Je ne commenterais pas l'autre article, celui de Liberation. A mon avis, il est clair que Keen, à une vision très naïve des experts. Il est souvent de mauvaise foi, très certainement car les changement induit par Internet lui font peur. Il le reconnait d'ailleurs dans l'entretien accordé à Libé. "Aujourd’hui, Internet ressemble à l’état de nature, plus proche de Hobbes que de Rousseau, où le comportement humain s’épanouit sans ­règles sociales ni lois. L’anarchie. (...) Le Web 2.0 est en train de tuer notre culture, prendre d’assaut notre économie et détruire nos codes de conduite."
Si tout change, comme je le crois, ne vaut-il pas mieux réfléchir à comment faire pour que le changement se passe le mieux possible, plutôt que de critiquer et freiner ?

Qu'en pensez-vous ? Pensez-vous que la critique de Keen est valable ? Pensez-vous qu'il faille se méfier de tout cela ou plutôt chercher a comprendre pour mieux s'adapter ?

Photo : Amazon et wnyc (Flickr)

3 commentaires:

R.E. a dit…

J'étais également tombé sur une émission qui faisait la promo de son livre. J'avais trouvé ça "facile".
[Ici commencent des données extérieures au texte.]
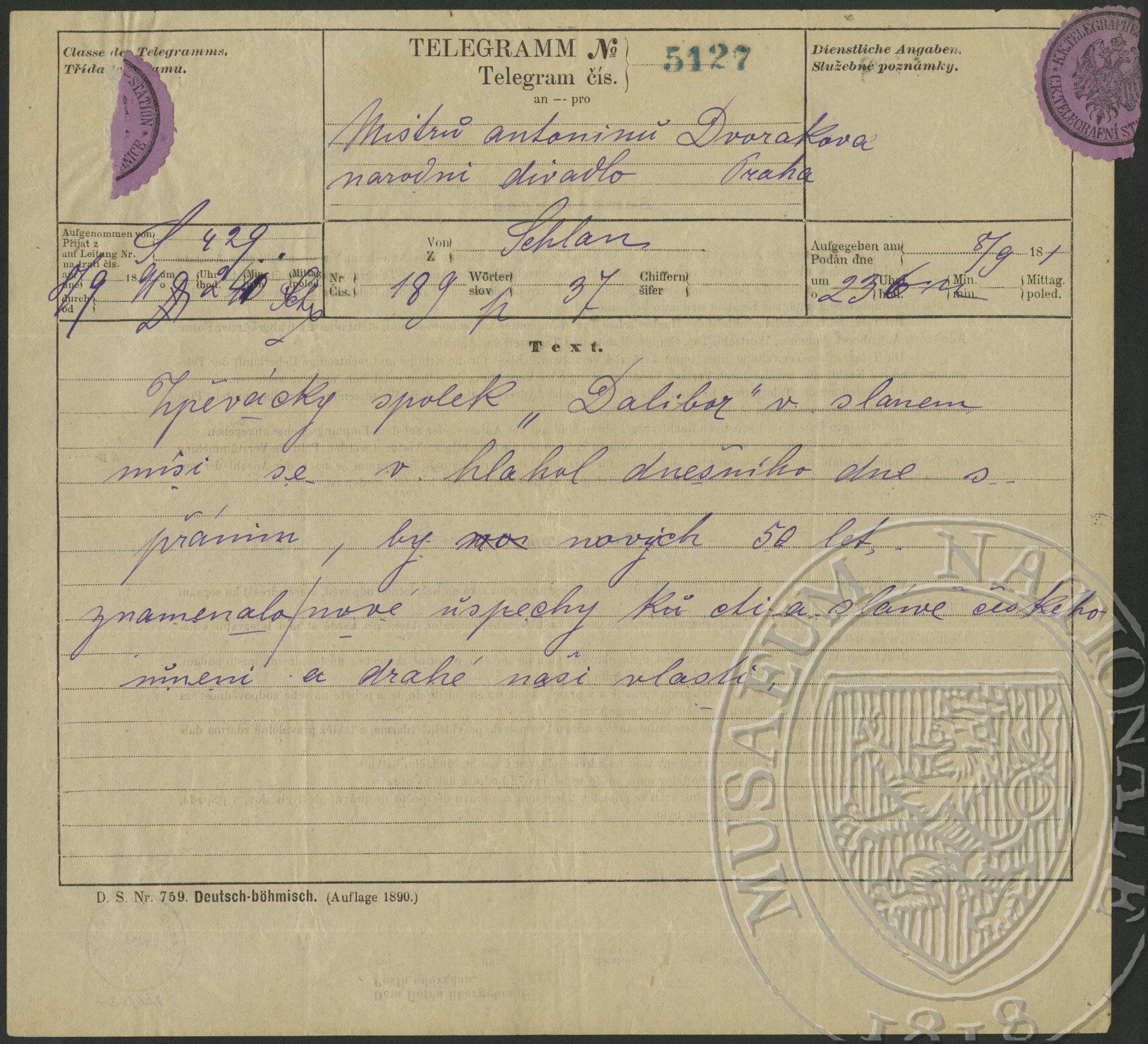 Dalibor, zpěvácký spolek Dvořák, Antonín
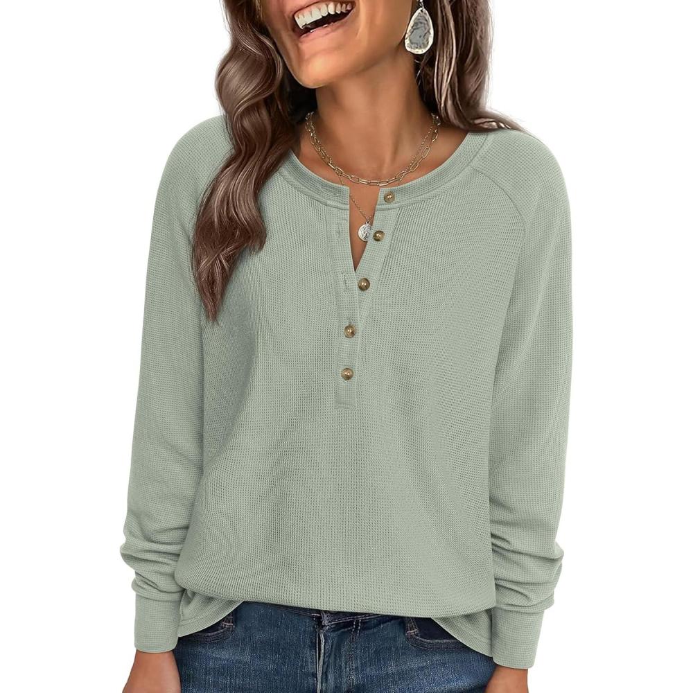 PRETTYGARDEN Women Long Sleeve Waffle Knit Shirts 2026 Fall Casual Button V Neck Loose Henley Tops Basic Tees Winter Clothes(Sage Green)
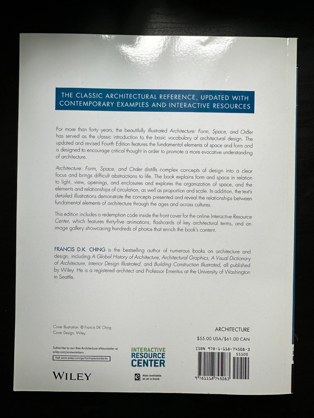 Fourth edition textbook by Francis D.K. Ching. Excellent resource for architecture students. Numerous illustrations and diagrams to help budding architects.
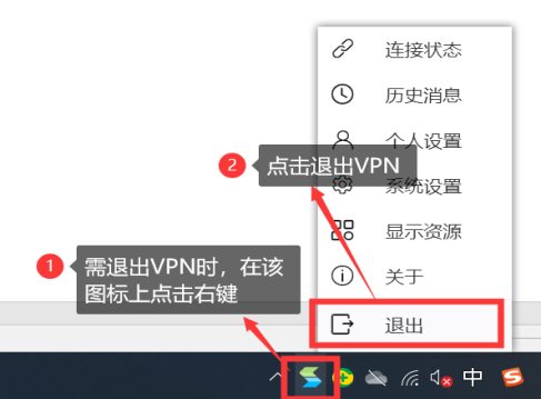 当您无须访问校内资源时,在任务栏选择VPN图标右击,在弹出的菜单中选择【退出】即可。
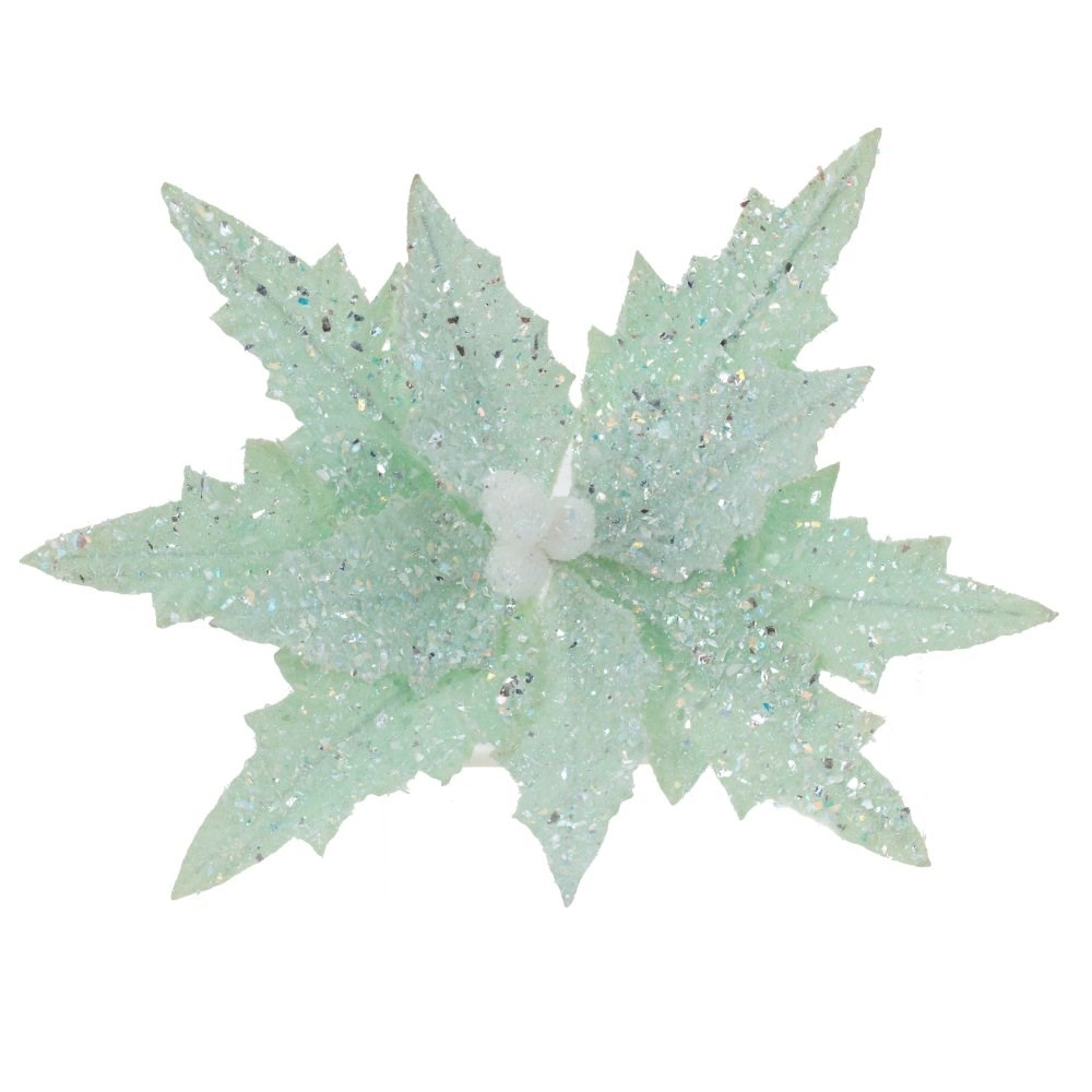 Нежная рождественская пуансетия. Лепестки выглядят невероятно эффектно: на их кончиках мерцает россыпь блесток, сердцевина состоит из бусинок. Прикрепите этот стильный новогодний цветок на елку и она заиграет яркими красками.

En revanche, je vois que tu commences à developper ta pensée en même tant que s'affine ton appareil critique.

Anonyme a dit…

Critiquer sans avoir lu, sans avoir suivi son analyse jusqu'au bout, mais juger sur l'analyse et les résumés d'un autre : C'est exactement le type de réaction qu'il dénonce.

Louis a dit…

Je n'ai effectivement pas lu Keen, j'ai en revanche écouter l'une de ses conférence et lu ce qu'il pouvait écrire sur son blog.
La critique que je fait dans ce billet est cependant une réponse direct à ce qu'il dit dans les entretiens auxquels je fait référence. Ainsi je ne juge donc pas sur l'analyse et le résumé d'un autre mais sur ses propres propos.